On 11.06.2015 10:13, Daniel P. Berrange wrote:
On Wed, Jun 10, 2015 at 09:20:40PM +0000, Vivi L wrote:
> Michal Privoznik <mprivozn <at> redhat.com> writes:
>
>>
>> On 10.06.2015 01:05, Vivi L wrote:
>>> Kashyap Chamarthy <kchamart <at> redhat.com> writes:
>>>
>>>
>>>> You might want re-test by explicitly setting the 'page' element
and
>>>> 'size' attribute? From my test, I had something like this:
>>>>
>>>> $ virsh dumpxml f21-vm | grep hugepages -B3 -A2
>>>> <memory unit='KiB'>2000896</memory>
>>>> <currentMemory
unit='KiB'>2000000</currentMemory>
>>>> <memoryBacking>
>>>> <hugepages>
>>>> <page size='2048' unit='KiB'
nodeset='0'/>
>>>> </hugepages>
>>>> </memoryBacking>
>>>> <vcpu placement='static'>8</vcpu>
>>>>
>>>> I haven't tested this exhaustively, but some basic test notes here:
>>>>
>>>>
https://kashyapc.fedorapeople.org/virt/test-hugepages-with-libvirt.txt
>>>
>>> Current QEMU does not support setting <page> element.

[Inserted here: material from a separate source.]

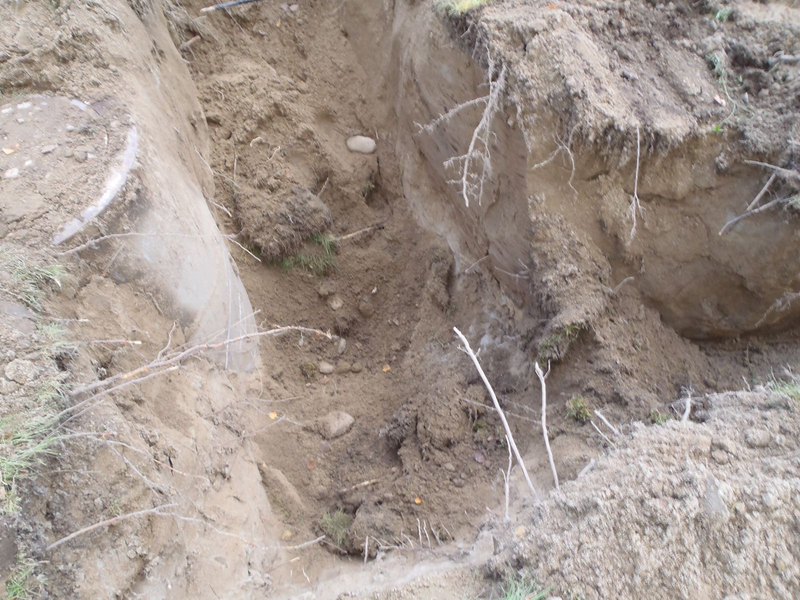 Nærbilde av hølet vårt. Fine rene masser, litt røtter her og der, og en og annen meit. Ikke noe gull, bare kabler og dritt nedi her.

Could it be the
>>> cause of my aforementioned problem?
>>>
>>> unsupported configuration: huge pages per NUMA node are not supported
>>> with this QEMU
>>>
>>
>> So this is explanation why the memory for you guest is not backed by
>> hugepages.
>
> I thought setting hugepages per NUMA node is a nice-to-have feature.
> Is it required to enable the use of hugepages for the guest?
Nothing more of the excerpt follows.